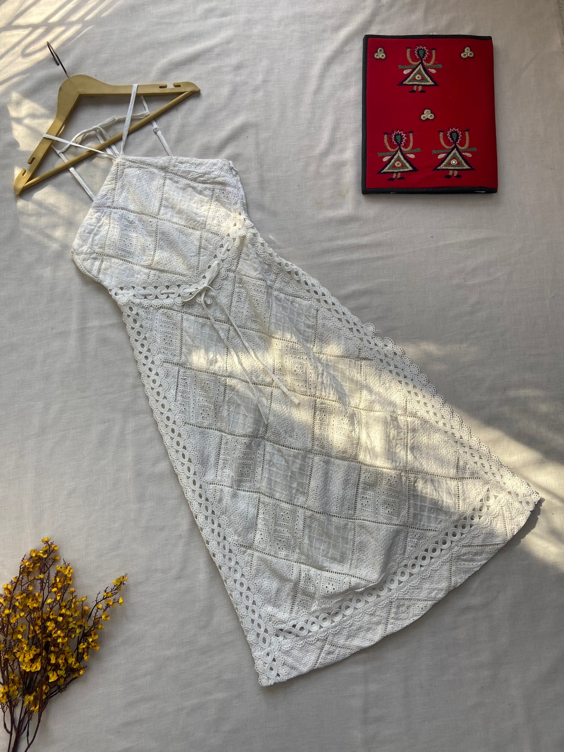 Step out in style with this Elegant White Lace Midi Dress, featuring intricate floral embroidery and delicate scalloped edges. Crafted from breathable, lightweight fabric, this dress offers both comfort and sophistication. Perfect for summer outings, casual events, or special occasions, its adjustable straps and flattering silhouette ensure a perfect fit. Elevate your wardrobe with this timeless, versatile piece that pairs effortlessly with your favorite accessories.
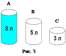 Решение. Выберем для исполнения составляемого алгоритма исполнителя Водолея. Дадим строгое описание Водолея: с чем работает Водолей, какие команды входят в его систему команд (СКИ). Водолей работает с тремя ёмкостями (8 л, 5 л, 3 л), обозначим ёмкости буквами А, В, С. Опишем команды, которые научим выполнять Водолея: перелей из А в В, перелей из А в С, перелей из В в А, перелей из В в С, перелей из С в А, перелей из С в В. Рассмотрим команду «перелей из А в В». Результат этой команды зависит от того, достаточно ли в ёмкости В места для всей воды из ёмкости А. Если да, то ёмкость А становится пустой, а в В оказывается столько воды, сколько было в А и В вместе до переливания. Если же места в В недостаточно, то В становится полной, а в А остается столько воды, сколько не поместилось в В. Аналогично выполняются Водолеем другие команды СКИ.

==

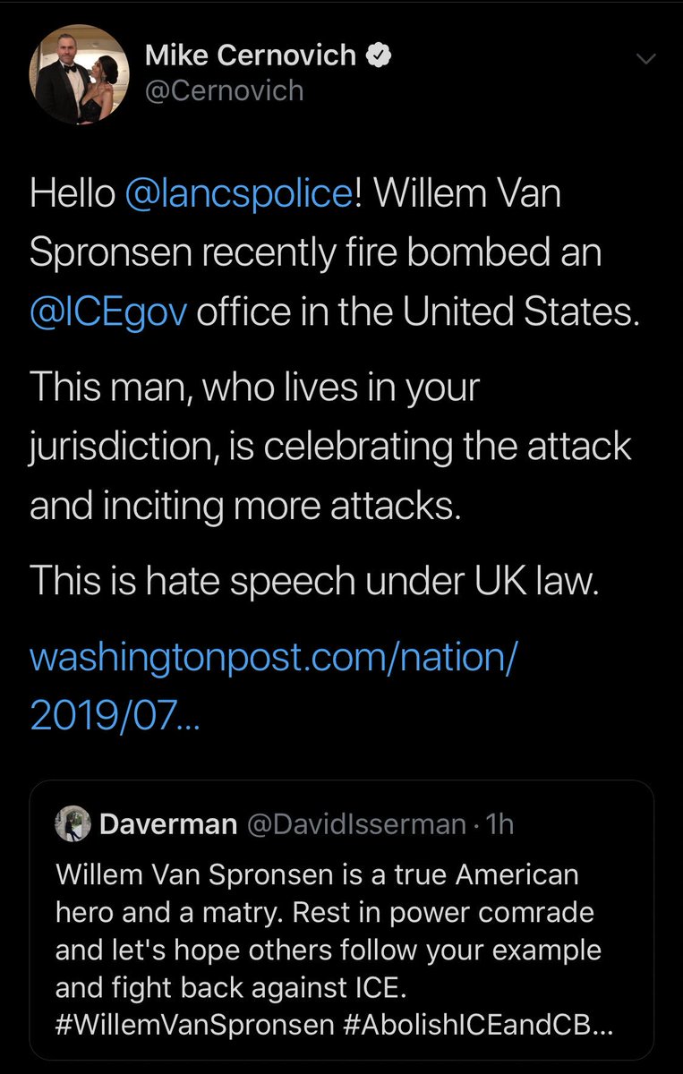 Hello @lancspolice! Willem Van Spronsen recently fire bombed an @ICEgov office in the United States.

◆ Work task: Among the lines above, the one with "Step out in" opens the part to repeat and the one with "Решение. Выберем для" closes it; repeat only that part exactly, with no pictures.

◆ Written solution:
 Step out in style with this Elegant White Lace Midi Dress, featuring intricate floral embroidery and delicate scalloped edges. Crafted from breathable, lightweight fabric, this dress offers both comfort and sophistication. Perfect for summer outings, casual events, or special occasions, its adjustable straps and flattering silhouette ensure a perfect fit. Elevate your wardrobe with this timeless, versatile piece that pairs effortlessly with your favorite accessories.
 Решение. Выберем для исполнения составляемого алгоритма исполнителя Водолея. Дадим строгое описание Водолея: с чем работает Водолей, какие команды входят в его систему команд (СКИ). Водолей работает с тремя ёмкостями (8 л, 5 л, 3 л), обозначим ёмкости буквами А, В, С. Опишем команды, которые научим выполнять Водолея: перелей из А в В, перелей из А в С, перелей из В в А, перелей из В в С, перелей из С в А, перелей из С в В. Рассмотрим команду «перелей из А в В». Результат этой команды зависит от того, достаточно ли в ёмкости В места для всей воды из ёмкости А. Если да, то ёмкость А становится пустой, а в В оказывается столько воды, сколько было в А и В вместе до переливания. Если же места в В недостаточно, то В становится полной, а в А остается столько воды, сколько не поместилось в В. Аналогично выполняются Водолеем другие команды СКИ.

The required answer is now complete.